My husband wanted to follow up with him and see how he was doing, so a few days after the funeral he volunteered to help him with the brakes on his 30-year-old Cadillac Fleetwood, which was in cherry condition. It only had 50,000 miles, and not any visible rust. They got the brakes fixed, then took it out for a test drive. They no sooner got around the first corner than a young girl driving a beat-up car plowed into his back end.

Even if she has insurance, which the police could not verify, he will probably never get enough payment on a 30-year-old car to fix it or to even put a down payment down on a newer car.
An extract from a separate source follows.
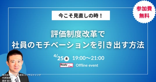 ビジネスマッチングサービス「Ready Crew(レディクル)」を運営する、フロンティア株式会社(本社:東京都渋谷区、代表取締役社長:高橋 政裕、以下 当社)は、2025年4月25日(金)に、「今こそ見直しの時!評価制度改革で社員のモチベーションを引き出す方法」を開催いたします。本セミナーでは、評価制度改革の専門家である株式会社HCM人的資本コンサルティングの藤原俊介氏を講師に迎え、企業の成長を支える最新の評価制度のトレンドや、実際に成果を上げた企業事例を交えながら、実践的なポイントを解説します。

He is old enough that his eyesight isn't that good anymore and he doesn't drive all that much, but when he did drive that Cadillac was how he went. I have no idea what he is going to do.

To top matters off, he says he is having trouble with the benefits people with his wife's life insurance. They are asking him for a contract number. He's been paying that life insurance for probably 40 years and he has no idea where the paperwork is. He seems kind of confused and overwhelmed with the paperwork.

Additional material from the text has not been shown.